* [Dataset content]
[Start of section]
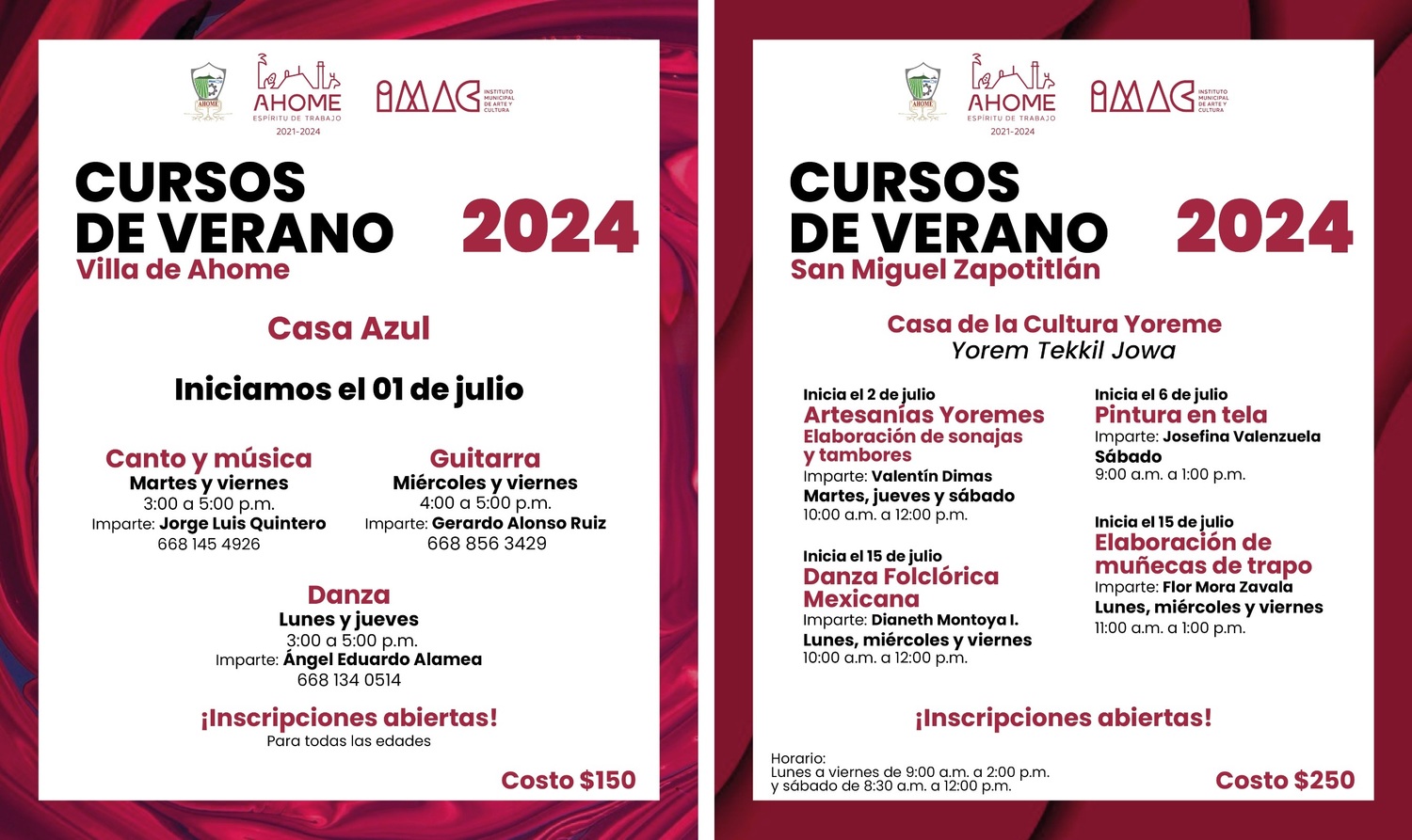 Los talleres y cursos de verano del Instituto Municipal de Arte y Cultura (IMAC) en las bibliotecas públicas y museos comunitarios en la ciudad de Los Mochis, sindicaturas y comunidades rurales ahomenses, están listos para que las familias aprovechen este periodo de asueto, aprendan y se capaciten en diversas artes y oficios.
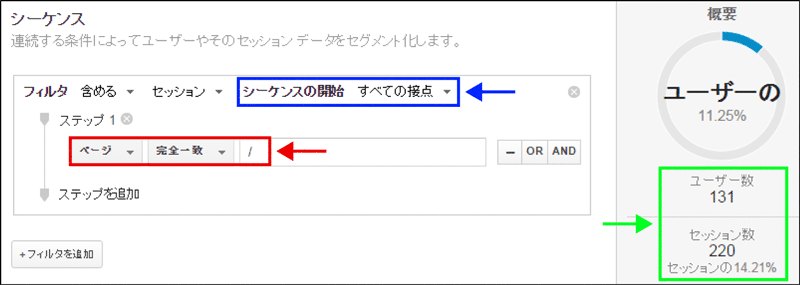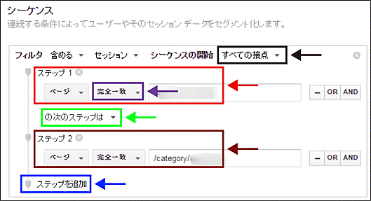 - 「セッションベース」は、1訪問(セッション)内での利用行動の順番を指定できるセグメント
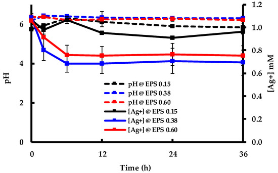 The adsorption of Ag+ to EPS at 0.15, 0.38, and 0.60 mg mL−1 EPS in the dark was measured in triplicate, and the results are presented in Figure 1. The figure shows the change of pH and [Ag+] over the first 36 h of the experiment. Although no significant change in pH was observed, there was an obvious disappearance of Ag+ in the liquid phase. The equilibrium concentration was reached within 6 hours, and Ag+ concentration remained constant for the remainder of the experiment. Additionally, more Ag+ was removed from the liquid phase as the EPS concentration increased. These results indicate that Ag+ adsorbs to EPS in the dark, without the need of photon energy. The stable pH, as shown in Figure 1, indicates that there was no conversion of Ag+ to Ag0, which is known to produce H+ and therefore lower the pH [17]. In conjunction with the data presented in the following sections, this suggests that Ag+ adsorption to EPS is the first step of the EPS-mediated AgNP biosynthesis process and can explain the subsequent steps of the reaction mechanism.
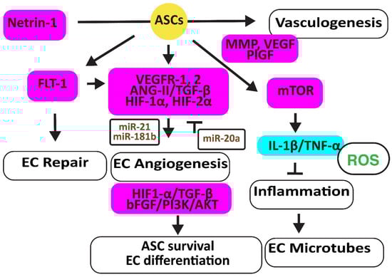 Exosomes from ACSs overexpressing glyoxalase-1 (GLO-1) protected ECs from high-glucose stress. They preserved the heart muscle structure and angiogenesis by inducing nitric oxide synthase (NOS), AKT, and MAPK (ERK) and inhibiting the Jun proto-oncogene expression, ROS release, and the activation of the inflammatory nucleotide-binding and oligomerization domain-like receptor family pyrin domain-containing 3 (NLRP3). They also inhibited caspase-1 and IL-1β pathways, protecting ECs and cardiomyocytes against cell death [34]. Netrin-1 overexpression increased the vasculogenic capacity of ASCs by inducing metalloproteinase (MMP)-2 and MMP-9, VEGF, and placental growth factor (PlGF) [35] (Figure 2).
[End of section]
* [Requirement]
The lines running from the one with "- 「セッションベース」は、" to the close of the material above are to be retyped exactly; no picture is to be included.

* [Output of the exercise]
 - 「セッションベース」は、1訪問(セッション)内での利用行動の順番を指定できるセグメント
 The adsorption of Ag+ to EPS at 0.15, 0.38, and 0.60 mg mL−1 EPS in the dark was measured in triplicate, and the results are presented in Figure 1. The figure shows the change of pH and [Ag+] over the first 36 h of the experiment. Although no significant change in pH was observed, there was an obvious disappearance of Ag+ in the liquid phase. The equilibrium concentration was reached within 6 hours, and Ag+ concentration remained constant for the remainder of the experiment. Additionally, more Ag+ was removed from the liquid phase as the EPS concentration increased. These results indicate that Ag+ adsorbs to EPS in the dark, without the need of photon energy. The stable pH, as shown in Figure 1, indicates that there was no conversion of Ag+ to Ag0, which is known to produce H+ and therefore lower the pH [17]. In conjunction with the data presented in the following sections, this suggests that Ag+ adsorption to EPS is the first step of the EPS-mediated AgNP biosynthesis process and can explain the subsequent steps of the reaction mechanism.
 Exosomes from ACSs overexpressing glyoxalase-1 (GLO-1) protected ECs from high-glucose stress. They preserved the heart muscle structure and angiogenesis by inducing nitric oxide synthase (NOS), AKT, and MAPK (ERK) and inhibiting the Jun proto-oncogene expression, ROS release, and the activation of the inflammatory nucleotide-binding and oligomerization domain-like receptor family pyrin domain-containing 3 (NLRP3). They also inhibited caspase-1 and IL-1β pathways, protecting ECs and cardiomyocytes against cell death [34]. Netrin-1 overexpression increased the vasculogenic capacity of ASCs by inducing metalloproteinase (MMP)-2 and MMP-9, VEGF, and placental growth factor (PlGF) [35] (Figure 2).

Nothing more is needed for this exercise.